[Stored data entries]
Segment Open

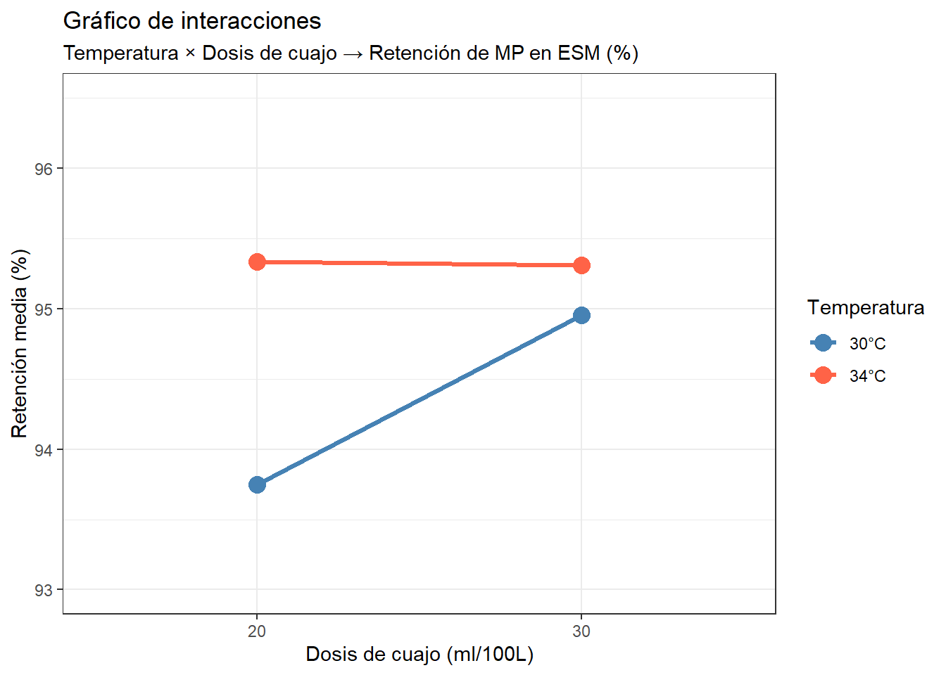 La tabla de medias ya revela algo importante: a 30°C, subir la dosis de cuajo de 20 a 30 ml/100L mejora la retención en más de 1 punto (de 93,75% a 94,96%). Pero a 34°C, esa misma subida de dosis apenas produce mejora (de 95,34% a 95,31%). Esto es exactamente una interacción, y es precisamente la información que el enfoque OFAT nunca habría podido revelar.
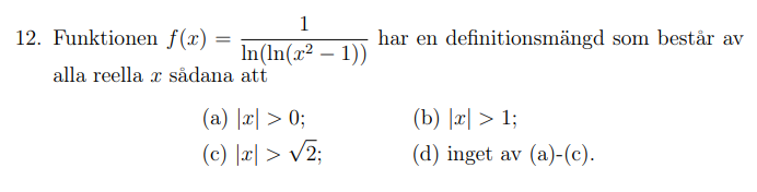 Testar jag sqrt(2) i (1), så ges 1 i parentesen vilket ger 0 efter man tagit ln. Detta går såklart inte. Men C alternativet säger att absolutbeloppet x ska vara STÖRRE än sqrt(2). Så alla tal större än sqrt(2) ger ÅTMINSTONE något i stil med 1,0001 eller mer (istället för 1 som exakt sqrt(2) gav). Så sista parentesen blir ej noll. Så jag valde C, men rätt svar är d.
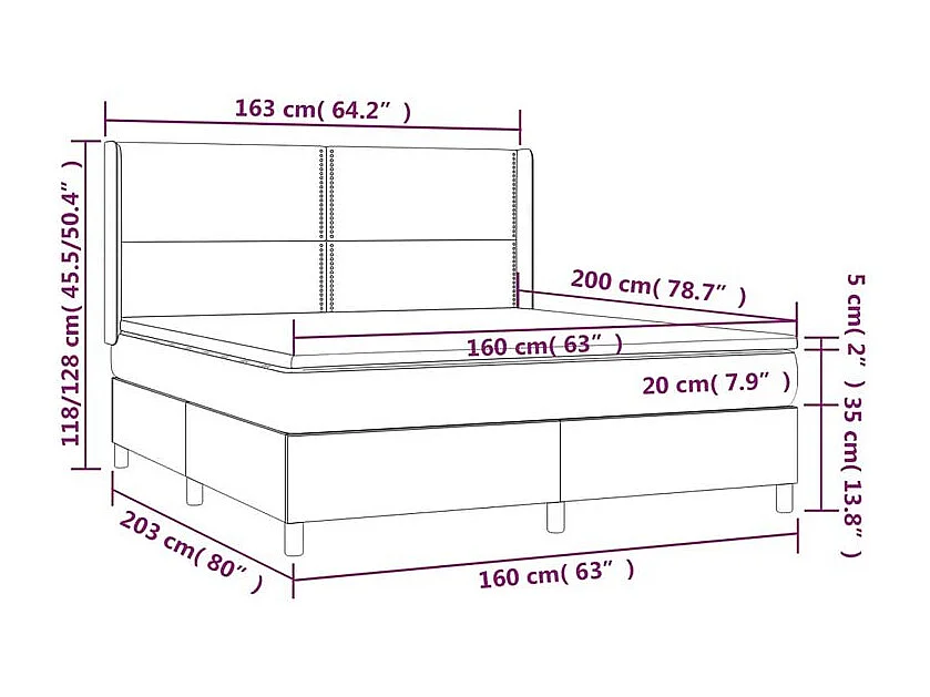 Sommier à lattes de lit et matelas Gris foncé 160x200 Velours
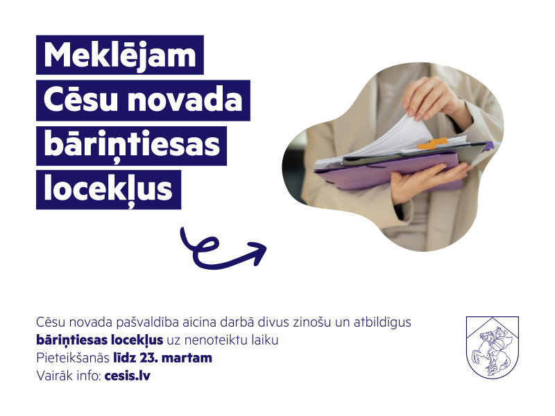 CV, pieteikuma vēstuli iesniegt elektroniski, sūtot uz e-pastu vakances@cesunovads.lv ar norādi “Bāriņtiesas loceklis” līdz 2026. gada 23. martam (ieskaitot).
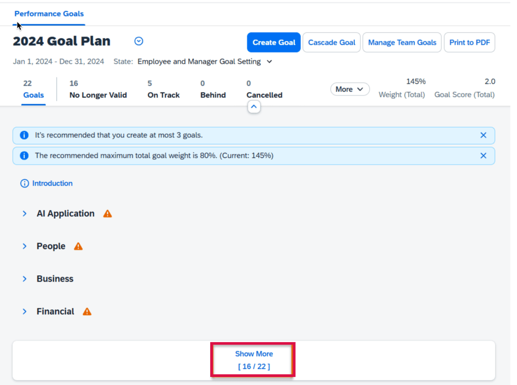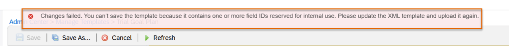 - If the template is copied from the prior year, ensure that the correct goal plan is linked to the template and any references to the prior plan year are updated to the new plan year
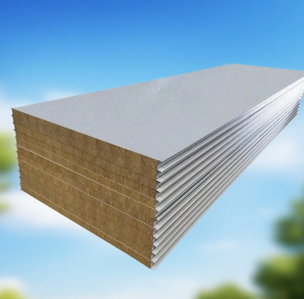 Custom Outdoor Soundproof & Fireproof 50mm Steel Rock Wool Sandwich Panels for Exterior Wall for Farm Cold Room & Warehouse
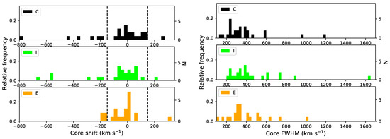 The property we are most interested in is the shift of the whole [O III] line, that is, the blue outlier phenomenon. Our aim is to have a better understanding of what may be causing this shift. We tested the core velocity against four physical properties that may be associated with it, that is the actual [O III] line luminosity, the bolometric luminosity, the radio luminosity, and the radio loudness parameter. The first two, indeed, have been found to possibly affect the [O III] core shift especially at high redshift [68]. The radio luminosity and the radio loudness parameter, instead, may be related with the presence of relativistic jets (with some caveats, see e.g., [69,70]). The results of these tests are reported in Table 3. None of the tested quantities is strongly correlated to the velocity of the [O III] core. This is true also when the absolute value of the shift is considered, neglecting whether the line is blueshifted or redshifted. An example is shown in Figure 2. Since it is known that [O III] shift can also be radiatively driven in high luminosity sources [68], and a weak, but significant correlation is identified by the Spearman’s rank correlation coefficient between L and |v|, we wanted to investigate whether an L threshold exists above which a source has a higher possibility of showing an [O III] shift or a higher FWHM([O III]). As seen in the left panel of Figure 2, however, no clear threshold seems to be present to produce an [O III] shift. In the FWHM distribution, the highest values of FWHM are found mostly, but not exclusively, among the highest luminosity sources, although the statistic is too poor to draw any meaningful conclusion.
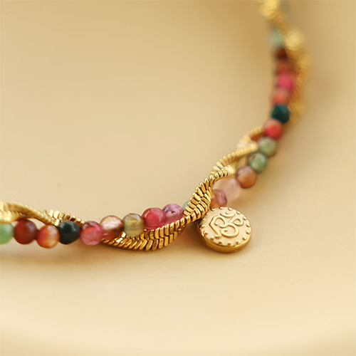 Roestvrij stalen (RVS) Stainless steel bedels rond met indisch teken Gold
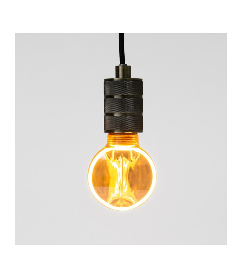 Wyposażona w klosz ze szkła bursztynowego, emituje bardzo ciepłe przytulne światło.
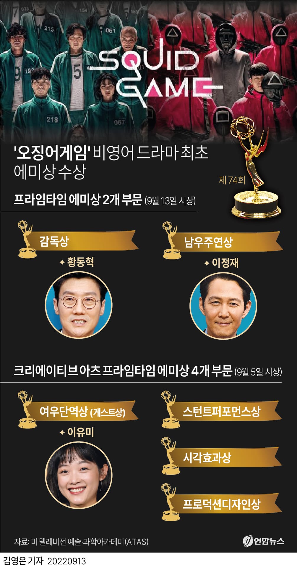 미국 현지시간 12일(한국시간 13일) 넷플릭스 시리즈 '오징어 게임'이 미국 방송계 최고 권위상 에미상 시상식에서 6관왕을 달성하며 새 역사를 썼다.
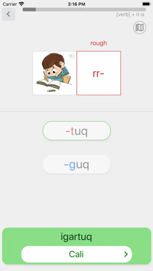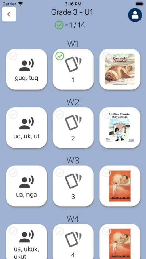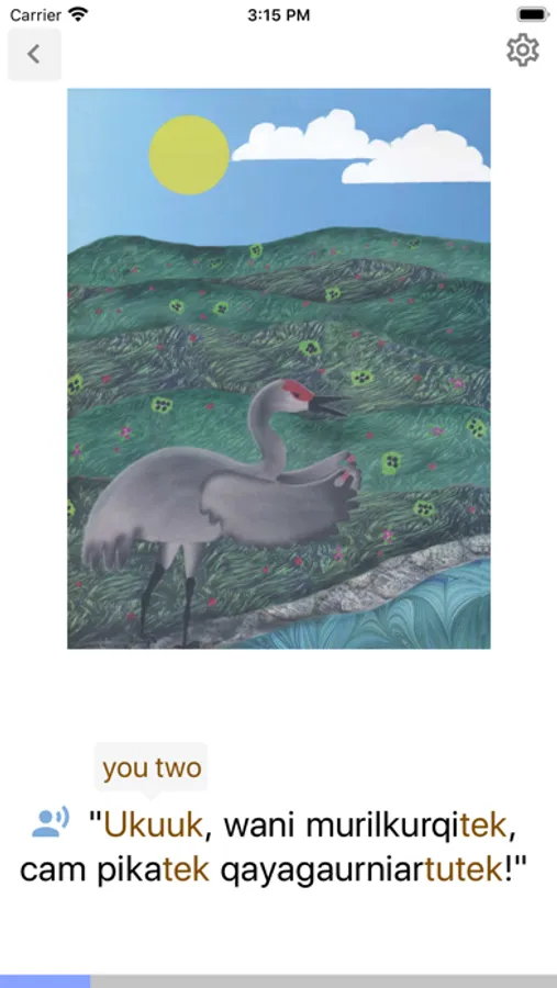 With this app you also have full access to Yugtun language exercises at the third and fourth grade level. These lessons reflect the dual language curriculum of LKSD and include Yugtun grammar endings, swipe-able flash cards, and reading comprehension questions. This application is intended for students in immersion schools or for people wanting to improve their Yugtun at home.
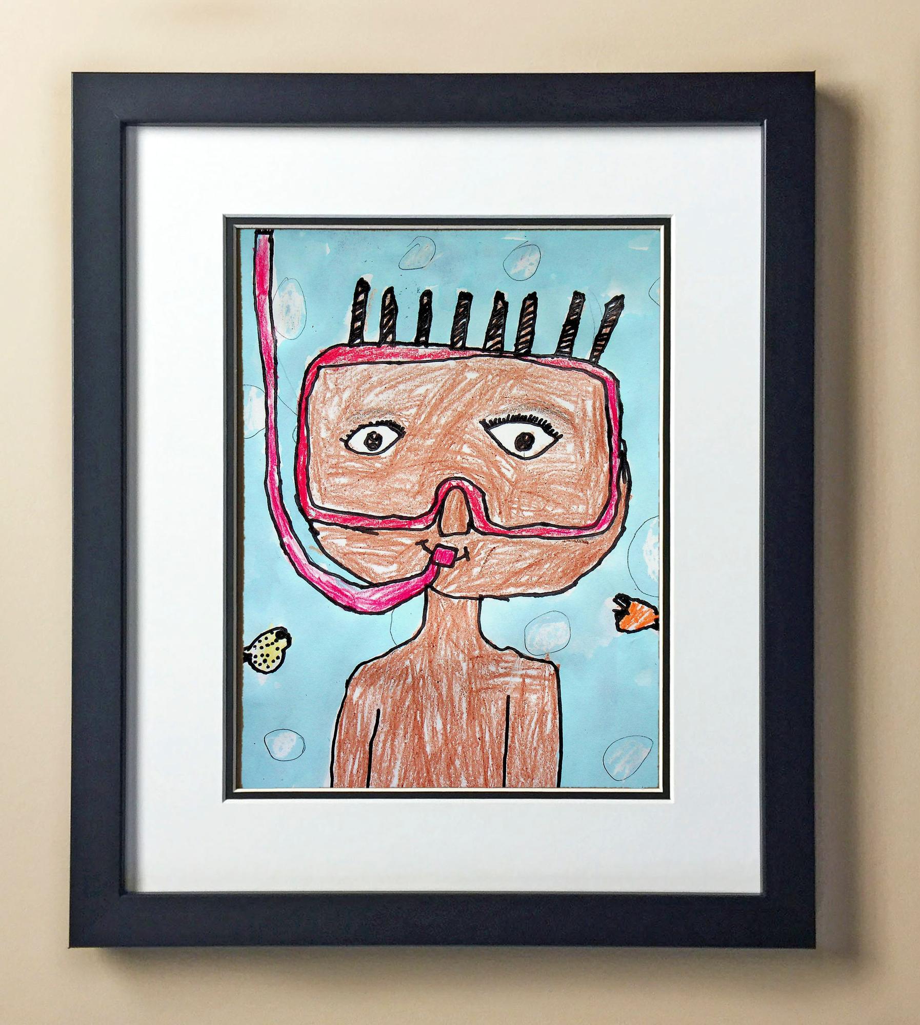 Included with the purchase is the Students Artwork, Frame, double matboard, shatter proof plexiglass, and a ready to hang backerboard with turnbuttons
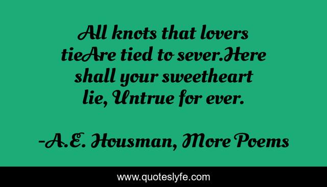 "A.E. Housman, More Poems Quotes." Quoteslyfe.com, 2025. Mon. 08 Dec. 2025. <https://www.quoteslyfe.com/quote/All-knots-that-lovers-tieAre-tied-to-171567>.

Segment Closed

* TASK REQUIREMENTS: Give exactly the lines above that run from the line with "Sommier à lattes" to the line with "Custom Outdoor Soundproof", both included, leaving every picture out.

* WORKED SOLUTION:
 Sommier à lattes de lit et matelas Gris foncé 160x200 Velours
 CV, pieteikuma vēstuli iesniegt elektroniski, sūtot uz e-pastu vakances@cesunovads.lv ar norādi “Bāriņtiesas loceklis” līdz 2026. gada 23. martam (ieskaitot).
 - If the template is copied from the prior year, ensure that the correct goal plan is linked to the template and any references to the prior plan year are updated to the new plan year
 Custom Outdoor Soundproof & Fireproof 50mm Steel Rock Wool Sandwich Panels for Exterior Wall for Farm Cold Room & Warehouse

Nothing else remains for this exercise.